# Problem to solve:
For the material below, the expected output is exactly the lines between the line holding "Die Frau kommt" and the line holding "10月31日,一名消費者在俄", inclusive, with pictures left out.

# Data to process:
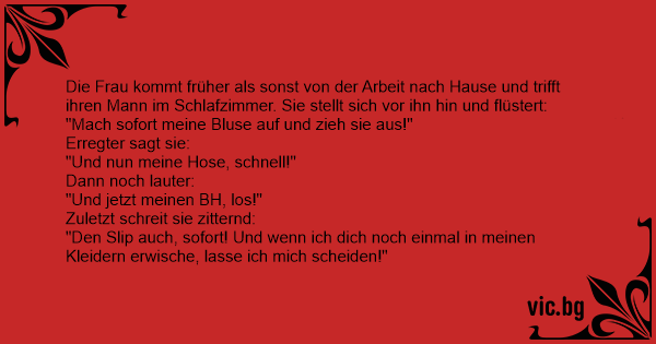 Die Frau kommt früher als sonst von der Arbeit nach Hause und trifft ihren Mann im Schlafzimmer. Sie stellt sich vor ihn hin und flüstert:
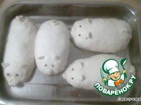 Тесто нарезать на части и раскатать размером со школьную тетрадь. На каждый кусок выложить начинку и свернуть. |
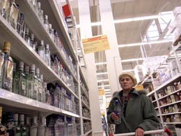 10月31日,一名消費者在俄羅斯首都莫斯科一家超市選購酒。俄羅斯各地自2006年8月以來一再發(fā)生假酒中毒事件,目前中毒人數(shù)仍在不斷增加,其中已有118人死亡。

* * *

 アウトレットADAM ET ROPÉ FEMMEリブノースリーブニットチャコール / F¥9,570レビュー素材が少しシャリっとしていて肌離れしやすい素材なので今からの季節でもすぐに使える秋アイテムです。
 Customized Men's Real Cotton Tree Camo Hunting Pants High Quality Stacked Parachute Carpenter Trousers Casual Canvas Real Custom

* * *

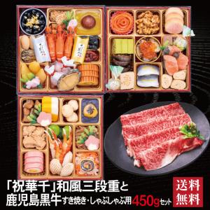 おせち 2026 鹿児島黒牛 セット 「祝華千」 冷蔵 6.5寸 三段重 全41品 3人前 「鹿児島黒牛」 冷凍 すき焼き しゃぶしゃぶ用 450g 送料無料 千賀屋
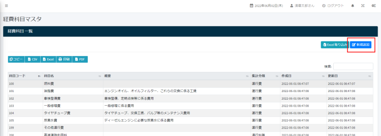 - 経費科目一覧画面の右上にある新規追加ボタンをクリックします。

# Your solution:
 Die Frau kommt früher als sonst von der Arbeit nach Hause und trifft ihren Mann im Schlafzimmer. Sie stellt sich vor ihn hin und flüstert:
 Тесто нарезать на части и раскатать размером со школьную тетрадь. На каждый кусок выложить начинку и свернуть. |
 10月31日,一名消費者在俄羅斯首都莫斯科一家超市選購酒。俄羅斯各地自2006年8月以來一再發(fā)生假酒中毒事件,目前中毒人數(shù)仍在不斷增加,其中已有118人死亡。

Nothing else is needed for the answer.